Ideal, Defective, and Gold--Promoted Rutile TiO2(110) Surfaces: Structures, Energies, Dynamics, and Thermodynamics from PBE+U

TL;DR

This study uses advanced first principles calculations with PBE+U to analyze gold-promoted TiO2(110) surfaces, revealing structural, electronic, and dynamic properties relevant for catalysis, especially the behavior of Au adatoms and surface stability.

Contribution

It introduces a validated PBE+U approach to investigate gold-promoted TiO2 surfaces, including structure, energetics, and dynamics, with detailed analysis of Au adatom behavior and thermodynamic stability.

Findings

Au adatoms migrate anisotropically on TiO2(110) surfaces.

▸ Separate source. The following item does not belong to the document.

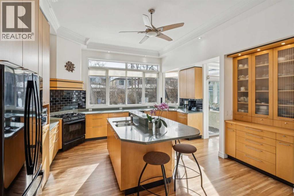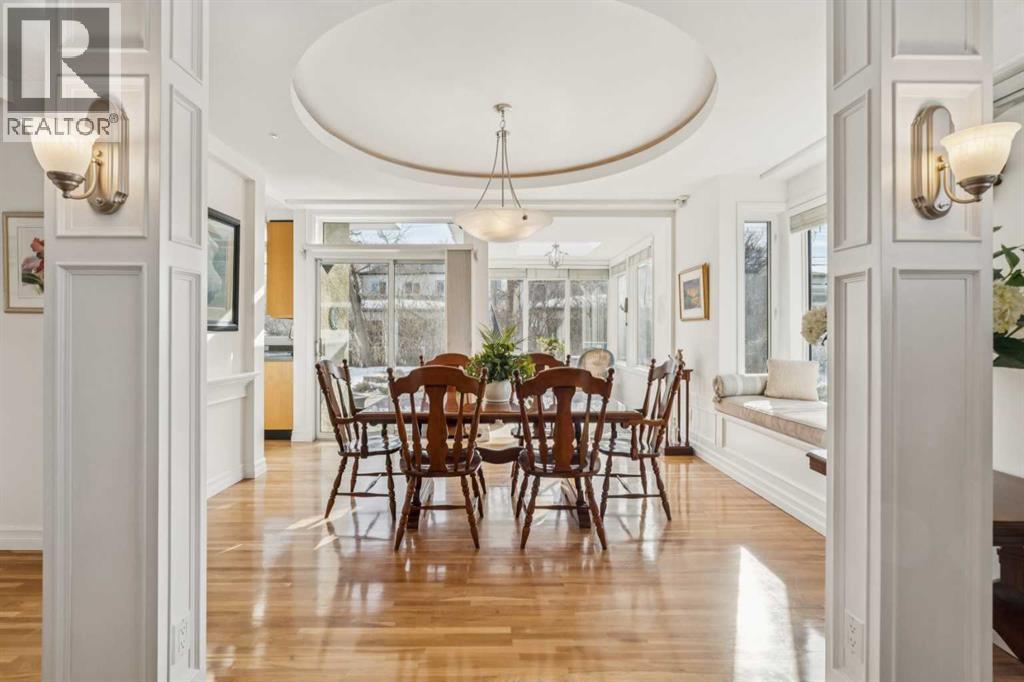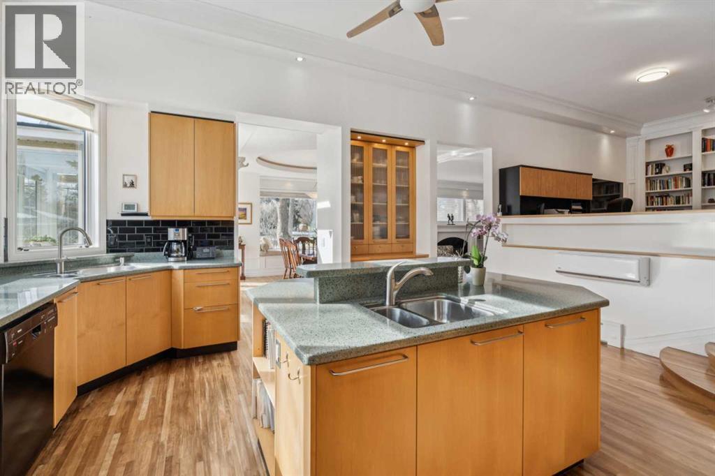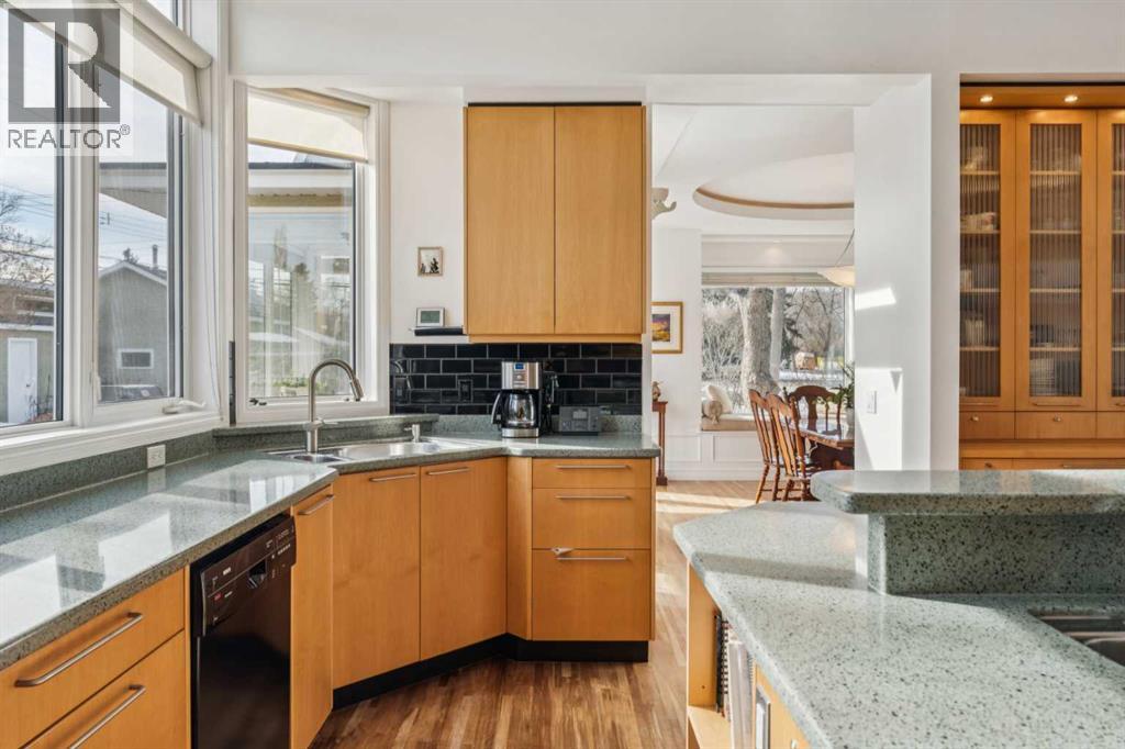 Welcome to Renfrew. This beautifully renovated and expanded mid-century home offers over 2,300 sq. ft. with 4 bedrooms and 3 bathrooms, gorgeous hardwood, highlighted by 9-foot ceilings throughout. A rare inner-city offering, the property features both a double attached garage and a double detached garage, providing exceptional parking and storage.An additional highlight is the future redevelopment potential. Situated on an expansive 11,000 sq. ft. corner lot facing Beaumont Park. Properties of this size are increasingly being redeveloped into multi-plex projects with six or more townhomes, making this an attractive opportunity for investors, builders, or homeowners seeking long-term value.The elegant living room is filled with natural light from an abundance of windows and anchored by a gas fireplace with a substantial mantel and built-in shelving. It flows into the dining area—perfect for large family gatherings—and a bright sunroom ideal for plants or a relaxing retreat. The kitchen impresses with an 11-foot ceiling, sleek Denca cabinetry, generous counter space, and large windows overlooking the stunning backyard.The master's quarter's features a walk-in closet and spacious 4 piece ensuite, while two additional bedrooms, a full bathroom, and a versatile den—ideal for a home office or library—complete the main level.The fully developed lower level offers an entertainment room, kitchenette/summer kitchen, 4th bedroom, second laundry area, and direct access to the Double Attached Garage. A Double Detached Garage and 40-foot driveway provide additional parking for vehicles, hobbies, or even an RV. Additional highlights include a 60,000 BTU heat pump for efficient heating and air-conditioned comfort and a rainwater capture system. With spring just around the corner, you’ll truly appreciate spending time in the beautifully landscaped, park-like yard. Curved paver pathways wind through a vibrant collection of perennial gardens, flowering plants, and mature shrub s, creating a peaceful setting that feels both private and inviting. Whether you’re tending to the garden, enjoying a morning coffee on the patio, or tending to the gas barbecue on a warm summer evening, this thoughtfully designed outdoor space offers a wonderful connection to nature right in the heart of the city. Renfrew is a vibrant inner-city community offering excellent amenities, including Renfrew Athletic Park, a Natural Park, and the Nose Creek pathway system. Residents enjoy nearby recreation facilities, indoor pool, skating arenas, schools, and quick access to local restaurants and cafés along Edmonton Trail, all just minutes from downtown. Move in & Enjoy! (id:63190)

Structures with substituted Au are thermodynamically stable under O-rich conditions.

PBE+U accurately captures surface interactions and charge redistribution.

Abstract

Extensive first principles calculations are carried out to investigate gold-promoted TiO2(110) surfaces in terms of structure optimizations, electronic structure analyses, ab initio thermodynamics calculations of surface phase diagrams, and ab initio molecular dynamics simulations. All computations rely on density functional theory in the generalized gradient approximation (PBE) and account for on-site Coulomb interactions via inclusion of a Hubbard correction, PBE+U, where U is computed from linear response theory. This approach is validated by investigating the interaction between TiO2(110) surfaces and typical probe species (H, H2O, CO). Relaxed structures and binding energies are compared to both data from the literature and plain PBE results. The main focus of the study is on the properties of gold-promoted titania surfaces and their interactions with CO. Both PBE+U and PBE optimized structures of Au adatoms adsorbed on stoichiometric and reduced TiO2 surfaces are computed, along with their electronic structure. The charge rearrangement induced by the adsorbates at the metal/oxide contact are also analyzed and discussed. By performing PBE+U ab initio molecular dynamics simulations, it is demonstrated that the diffusion of Au adatoms on the stoichiometric surface is highly anisotropic. The metal atoms migrate either along the top of the bridging oxygen rows, or around the area between these rows, from one bridging position to the next along the [001] direction. Approximate ab initio thermodynamics predicts that under O-rich conditions, structures obtained by substituting a Ti5c atom with an Au atom are thermodynamically stable over a wide range of temperatures and pressures.